Span requested from the data below: the line with "Defillama 对于 zkSync 上的 Dex TVL 统计排名" through the line with "方丹图尔静物花卉欧式复古油画轻奢客厅床头摆画装饰画芯打印定制", both included. Give only these lines again, exactly, and leave every picture out.

----- Dataset -----

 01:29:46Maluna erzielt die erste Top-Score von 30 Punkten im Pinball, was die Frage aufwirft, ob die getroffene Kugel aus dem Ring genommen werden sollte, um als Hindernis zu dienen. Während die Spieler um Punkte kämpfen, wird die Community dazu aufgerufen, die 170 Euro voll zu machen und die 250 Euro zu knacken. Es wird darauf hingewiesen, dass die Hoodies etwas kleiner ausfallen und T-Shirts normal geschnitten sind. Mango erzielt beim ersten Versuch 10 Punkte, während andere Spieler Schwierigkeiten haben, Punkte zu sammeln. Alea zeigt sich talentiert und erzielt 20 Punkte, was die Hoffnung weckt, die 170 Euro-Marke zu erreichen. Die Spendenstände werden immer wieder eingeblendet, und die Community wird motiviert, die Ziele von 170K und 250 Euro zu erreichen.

-----
----- Dataset -----

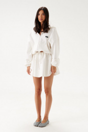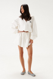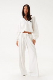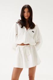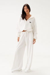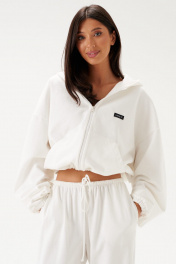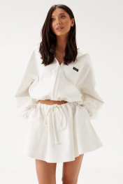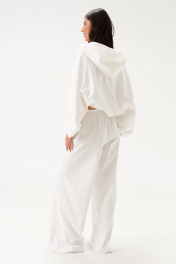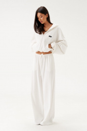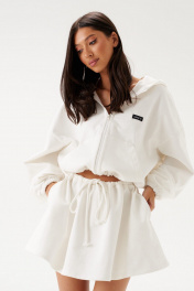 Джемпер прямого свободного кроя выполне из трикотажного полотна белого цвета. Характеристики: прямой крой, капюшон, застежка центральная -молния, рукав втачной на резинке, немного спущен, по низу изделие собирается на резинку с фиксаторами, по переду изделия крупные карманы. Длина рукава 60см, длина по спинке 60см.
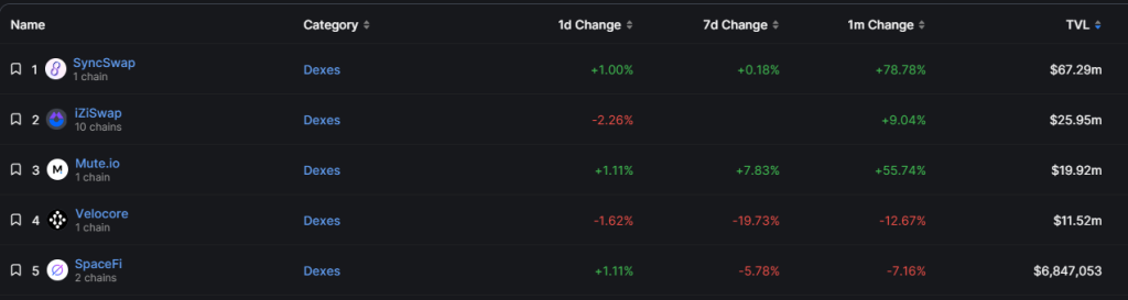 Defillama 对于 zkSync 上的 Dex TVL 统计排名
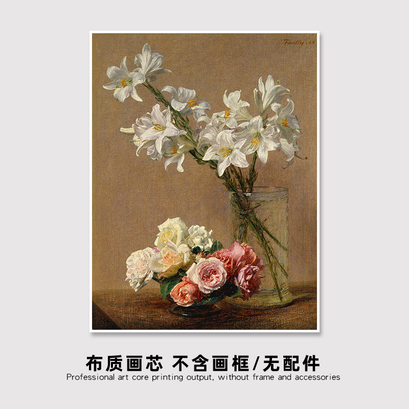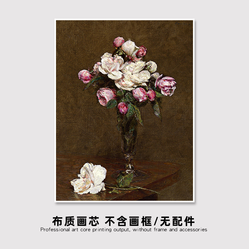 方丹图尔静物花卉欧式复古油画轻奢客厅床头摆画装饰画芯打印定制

-----

Problem solution:
 Defillama 对于 zkSync 上的 Dex TVL 统计排名
 方丹图尔静物花卉欧式复古油画轻奢客厅床头摆画装饰画芯打印定制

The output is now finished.